# Found pigeon missing flight feathers right wing



## TD17 (Apr 15, 2011)

Hi all,
My mother found a pigeon missing all his flight feathers on his right wing. He looks healthy but stressed out - probably an accident with a cat/bike. Does anybody know when (and if) his feathers will grow back?

From the photos, I suspect he might be 6-12 months old but I am not a pigeon specialist so he could be older. Really want to help him out and see what we can do for him. My mother has named him Fifi The Feather.

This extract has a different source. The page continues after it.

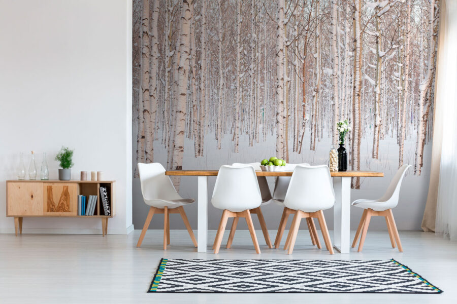Carta da parati Bosco di betulle innevato in inverno. (SKU: u74232)
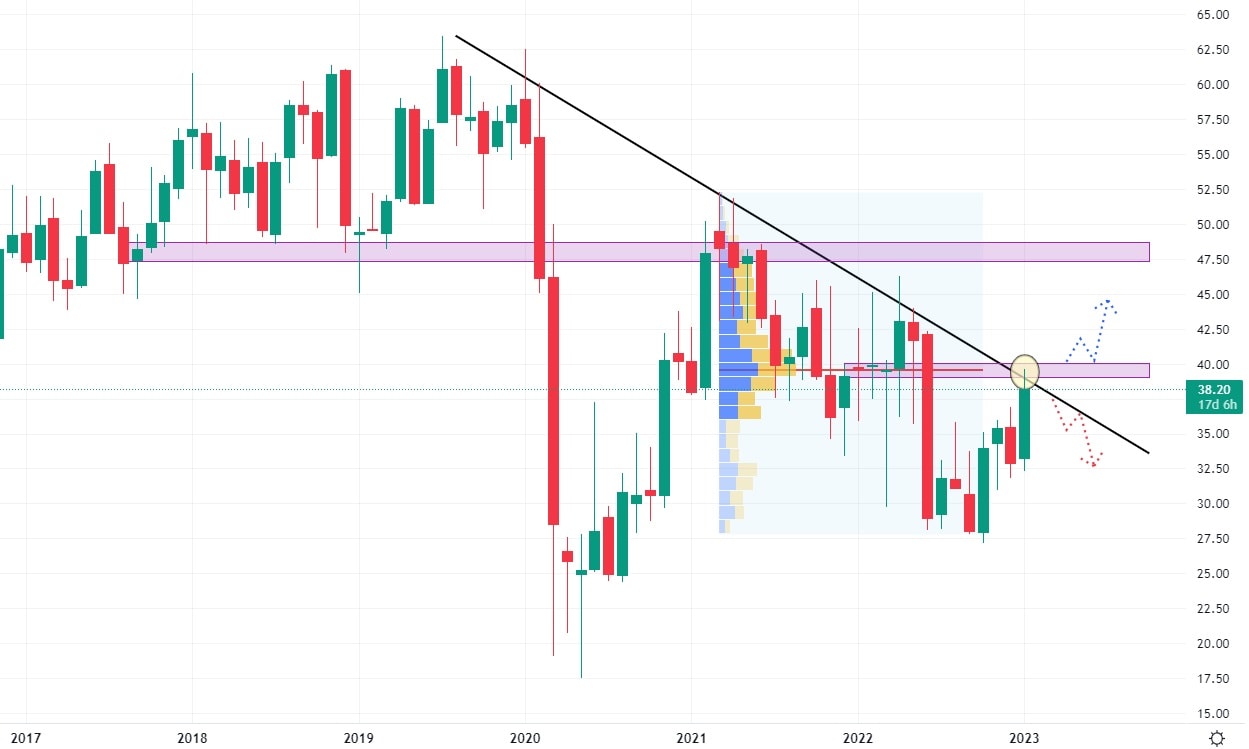 Akcie této letecké společnosti se po dvouletém výprodeji opět dostávají do povědomí investorů, což vytlačilo jejich hodnotu na úroveň klesající trendové čáry. Konfluence nejvýraznějšího volume a klesající trendové čáry v současné době staví akcie Delta Air Lines před velkou výzvu. Pokoření této rezistence by mohlo znamenat pokračující růst, zatímco odraz může znamenat opět pád, do dlouhodobějšího negativního sentimentu.

Does anybody have any suggestions?

TD


----------



## Feefo (Feb 8, 2002)

Yes, they should grow back within 6 weeks, but if he was cat caught it would be safer to treat him with Clavamox, 50mg twice a day.


----------



## TD17 (Apr 15, 2011)

Thanks very much for this Feefo!
So, the feathers will grow back regardless of how old he is?
He is also limping a bit with his right leg but hopefully will be fine soon.


----------



## Jaye (Mar 13, 2008)

TD....Thanks for caring. Important to realize: he will not get all better by himself. 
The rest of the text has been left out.